In the Northeast, heavy rainfall was recorded in coastal and adjacent inland areas of Bari. However, both remote-sensing and ground information confirmed the complete suppression of Deyr rains across remaining livelihood zones of Bari, Nugaal, and northern Mudug. Most livelihood zones in the Northeast experienced a late onset of the Deyr rains and below- average precipitation throughout October and November. Heavy rainfall associated with cyclone Pawan in early December helped generate significant improvement in rangeland conditions. Rangeland and livestock conditions are currently average to above average in Nugaal and northern Mudug, but below average to near average in Bari.

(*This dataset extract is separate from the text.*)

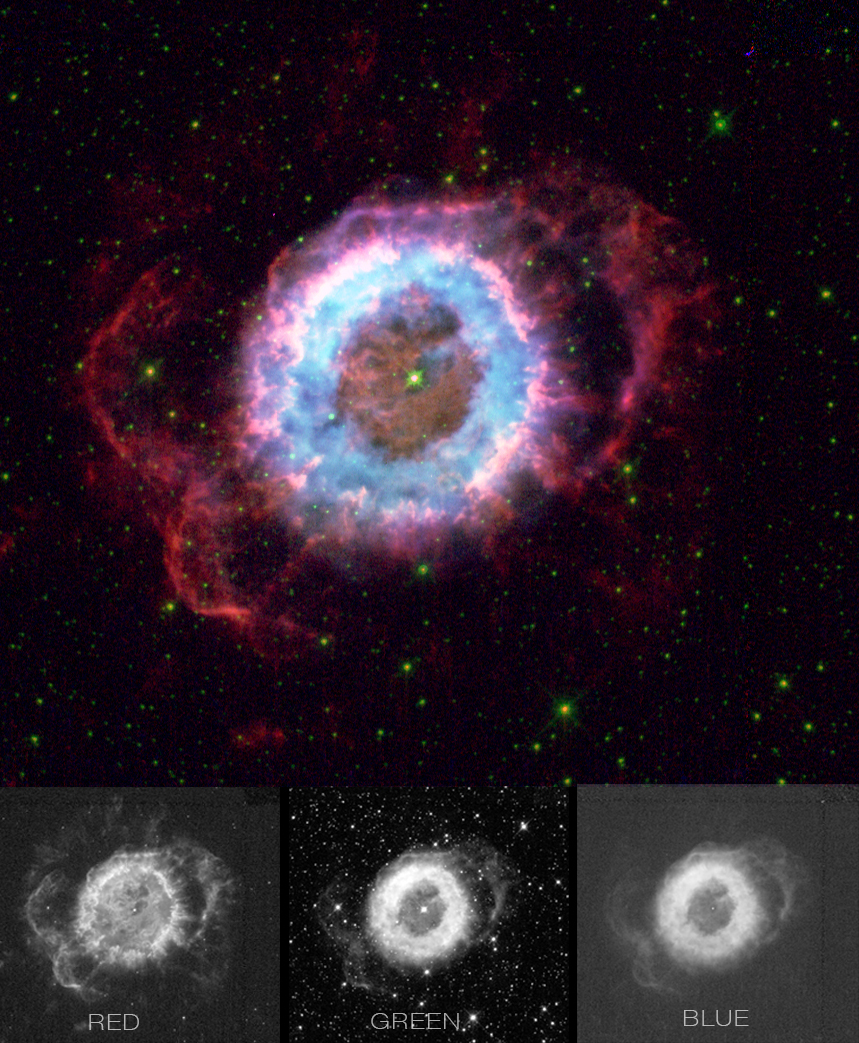 In inset you can see the original images i downloaded and cropped from Hubble Legacy Archive, the Red is actually Green and Green is actually Red.

In central regions, most livelihood zones in Galgaduud and southern Mudug were dry in mid-December. Only localized areas of Addun Pastoral livelihood zone of Adado and Galkayo districts and coastal areas of Hobyo and Xarardheere districts received light showers. Overall, rangeland and livestock conditions are average across the livelihood zones, but conditions are relatively worse in eastern areas due to erratic rainfall performance throughout the season. In the South, precipitation began to gradually subside in mid-December after heavy rainfall throughout much of the season. Light to moderate intensity rainfall was received in Lower and Middle Juba, southern Gedo, and localized areas of Lower and Middle Shabelle and Bay regions. Most other livelihood zones recorded only localized, light showers, while livelihood zones in Hiiraan and Bakool regions experienced little to no rainfall. Rain gauge stations recorded 5.5 mm in Baidoa (Bay), 14.5 mm in Huddur (Bakool), 0 mm in Beledweyn (Hiiraan) and 40 mm in Sakow (Middle Juba). Field information also indicated receding river water levels in both the Shabelle and Juba regions.
According to the eMODIS Normalized Difference Vegetation Index (NDVI) for the period of December 11-20, vegetation condition and vigor has significantly improved across the country due to above-average rainfall totals (Figure 3). Remote- sensing data also shows improved conditions in the northeastern areas of the country, where conditions were relatively poor early to mid-season. The seven-day rainfall forecast ending December 31 by the National Oceanic and Atmospheric Administration Climate Prediction Center (NOAA/CPC) indicates the cessation of the Deyr rains across all areas of the country, except for a pocket of moderate to heavy rainfall off coastal areas of the Northeast. This signals the timely end of the season and reflects climatology for this time of year (Figure 4).